I'm trying to proof the following statement:
$7+6 \cdot (7+7^1+7^2+\dots+7^n) = 7^{n+1}$
I try the next: $n=k$
$7+6 \cdot (7+7^1+7^2+\dots+7^k) = 7^{k+1}$
$7+6 \cdot (7+7^1+7^2+\dots+7^k)-7 = 7^{k+1}-7$
$\frac{6 \cdot (7+7^1+7^2+\dots+7^k)}{6} = \frac{7^{k+1}-7}{6}$
$7+7^1+7^2+\dots+7^k = \frac{7^{k+1}-7}{6}$
$n=k+1$
$7+7^1+7^2+\dots+7^k+7^{k+1} = \frac{7^{k+2}-7}{6}$
Proof:
$\frac{7^{k+1}-7}{6}+7^{k+1} = \frac{7^{k+2}-7}{6}$
$\frac{7^{k+1}-7+6\cdot7^{k+1}}{6}$
Any idea?
On
Use the formula for the sum of a geometric sequence:
$$7+6\left(7+7^2+\ldots+7^n\right)=7+6\frac{7-7^{n+1}}{1-7}=7-7+7^{n+1}=7^{n+1}$$
On
It seems you want to demonstrate by induction that
$$
7 + 6 \cdot \left( {7 + 7^{\,2\,} + \cdots + 7^{\,n\,} } \right) = 7^{\,n + 1\,}
$$
Now, that's true for $n=1$
$$
\begin{gathered}
n = 1 \hfill \\
7 + 6 \cdot \left( 7 \right) = 7 \cdot \left( {6 + 1} \right) = 7^{\,2\,} \hfill \\
\end{gathered}
$$
and we want to demonstrate that if it is valid for $n$ it is also valid for $n+1$.
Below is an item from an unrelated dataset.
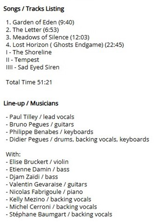 Attachment 2218 ABOUT EYE 2 EYE ...EYE 2 EYE From official website The Story Eye 2 Eye is a French progressive rock group from the Paris area, created by Philippe Bénabès (Keyboards) and Didier Pègues (Drums and Keyboards) at the beginning of 2003, following the dissolution of their previous group, ADN. Three musicians also orphans of their ex-group, Limelight, come to lend them a hand: Benoit Derat (Vocals and guitars), Médéric Colas (Guitars) and Cécile (bass). Médéric Colas quickly left the group for personal reasons and was replaced initially by Bruno Pègues, brother of the drummer then at the beginning of 2004 by Amirouche Ali Benali. The first efforts of the group are based around a cover of a title by David Gilmour, guitarist of Pink Floyd, entitled "Near the End". This piece will be used for a cover album in tribute to Pink Floyd: "None of us is Pink", at the beginning of 2006. During this period, the group is offered to participate in an album in tribute to the Dutch group. Ayreon. Eye 2 Eye decides to cover "Back on Planet Earth", from the album "Actual Fantasy", released in 1996, in a more "ambient" mood than the original track. This same cover will be used on the group's first album, "One in Every Crowd", which will be released on October 26, 2006 at Musea. Benoit Derat and Cécile will leave the group, shortly before the release of this album. In 2007, new compositions were put in place. A new bass player was found in the person of Aymeric Delteil in May, then in December of that same year, Jack Daly became the new singer. Texts are quickly written and recording continues. During 2008, the group, initially called Eye to Eye, was forced to change its surname slightly, following the request of another homonymous group. A version of "You", taken from the first album is re-recorded at the end of the year, with the voice of Jack. "After All ..." was released on February 9, 2009, at Musea. As soon as it left, the group enjoyed glowing reviews. The group will even be named at the Prog Awards in Italy, in the category "Best foreign album". EYE 2 EYE decides to start writing a concept album whose working name is "Wax", on an original idea from Jack. But opinions diverge and finally, Jack decides to leave the training to pursue a solo career. Djamel Zaidi (Leader of Transperception) comes to offer his services to the group in December 2009. EYE 2 EYE decides to continue with the idea of a concept album. They embark on an adaptation of Oscar Wilde's novel: "The Picture of Dorian Gray". In early 2011, this album is being mixed and "The Wish" was released on December 9 of that same year at Musea. Etienne DAMIN replaced Aymeric DELTEIL, late 2011. Djamel Zaidi left the group in May 2012 for other musical projects ... With "The Light Bearer" (Musea, 2017), EYE 2 EYE finally emerges from a silence that lasted five years. The neo-progressive influences of yesteryear are less obvious, to make way for others, more symphonic. The song, now held by Michel CERRONI, turns out to be deep and lyrical, while the arrangements are always more careful. A string quartet also brings something new... The track, initially called "Ghosts" inspired them, and quickly needed a sequel. The title became “Ghosts – Pt.1”, and it was decided the following album will tell the following parts of that story. EYE 2 EYE began to work on it just before the release of “The Light Bearer”, and ideas came quite quickly. But the following year, Michel CERRONI decided to leave the band during July, because of professional obligations. Fortunately, Jack DALY decided to rejoin the band in September. When he heard the demos, he became motivated as never before. From there, the recording sessions continued. Some new guests came to help: Thierry LALET (Feadog) and Claudine ISTRIA (Backing Vocals) from HELIANTHE, and Marie Pascale VIRONNEAU (Violin). The recording sessions finally ended, in the beginning of 2020. The mixing sessions had to begin, when the Covid stopped everything... Etienne DAMIN decided to mix the album in his own new mixing Studio during the spring lockdown. And in the beginning of July, all the tracks were sent to PROGRESSIVE PROMOTION RECORDS in Germany. The Label decided to sign EYE 2 EYE and the Band is proud to tell you the new Album, called “Nowhere Highway” will be released on December the 4th!!.... In the end of 2020, Djam ZAÏDI and Didier PEGUES worked on a brand new version of the long time sold out album "The Wish". They totally remixed and remastered the album, and add some new parts on it. Djam ZAÏDI re-recorded the voices, the Bass parts and the Guitar Parts. The drums were boosted too... On February 2021, this New Album is called "The New Wish", and was re-edited by PROGRESSIVE PROMOTION RECORDS. A brand new album began to be composed and written at the same period... When Jack DALY heard the demos, in the end of 2022, he was enthusiastic. Everything seemed ok... But when the recording sessions started everything went from bad to worse... Jack DALY could not find the time to record his voices, and a few months later, Etienne DAMIN decided to leave the band, in the middle of the recording process, around April of 2023.... EYE 2 EYE had no singer (once again) and no Bassist.... The remaining members tried new singers, but were not really satisfied of the results... Anyway, Elise BRUCKERT came back to put her magical violin on the new tracks, And Djam ZAÏDI accepted to do the lacking bass parts. In the beginning of July 2023, Didier PEGUES talked of that singer problem with a long time Band Friend : Paul "Hilrant" TILLEY. Paul was a long time fan and was on charge to correct the Lyrics since "The Light Bearer". He also has a huge solo career under the name of "HILRANT". He naturally proposed Didier to put his voice on that new album... EYE 2 EYE not only found a singer....They also found an incredible Storyteller as Progressive Rock needs !!!! Paul lives the Lyrics he sings, an

So we take our identity, multiply both sides by $7$, do some massage
$$
\begin{gathered}
n \to n + 1 \hfill \\
7 + 6 \cdot \left( {7 + 7^{\,2\,} + \cdots + 7^{\,n\,} } \right) = 7^{\,n + 1\,} \hfill \\
7 \cdot \left( {7 + 6 \cdot \left( {7 + 7^{\,2\,} + \cdots + 7^{\,n\,} } \right)} \right) = 7 \cdot 7^{\,n + 1\,} = 7^{\,n + 2\,} \hfill \\
\left( {7 \cdot 7 + 6 \cdot 7 \cdot \left( {7 + 7^{\,2\,} + \cdots + 7^{\,n\,} } \right)} \right) = 7^{\,n + 2\,} \hfill \\
\left( {7 \cdot \left( {6 + 1} \right) + 6 \cdot 7 \cdot \left( {7 + 7^{\,2\,} + \cdots + 7^{\,n\,} } \right)} \right) = 7^{\,n + 2\,} \hfill \\
\left( {7 + 6 \cdot 7 + 6 \cdot \left( {7^{\,2\,} + 7^{\,3\,} + \cdots + 7^{\,n + 1\,} } \right)} \right) = 7^{\,n + 2\,} \hfill \\
\left( {7 + 6 \cdot \left( {7 + 7^{\,2\,} + 7^{\,3\,} + \cdots + 7^{\,n + 1\,} } \right)} \right) = 7^{\,n + 2\,} \hfill \\
\end{gathered}
$$
and get the demonstration
You asked for a proof, so here's proof by induction.
Your statement is equivalent to:
$$6 \cdot \sum_{k=1}^n 7^k = 7^{n+1} - 7.$$
This is true for $n=1$:
$$6 \cdot 7 = 7^2 - 7.$$
Now look at the $n+1$ case:
$$6 \cdot \sum_{k=1}^{n+1} 7^k = \left[6 \cdot \sum_{k=1}^{n} 7^k\right] + 6 \cdot 7^{n+1} \\ = 7^{n+1} - 7 + 6 \cdot 7^{n+1} \\= 7 \cdot 7^{n+1} - 7 \\= 7^{n+2} - 7.$$
I invoked the inductive assumption on the second line.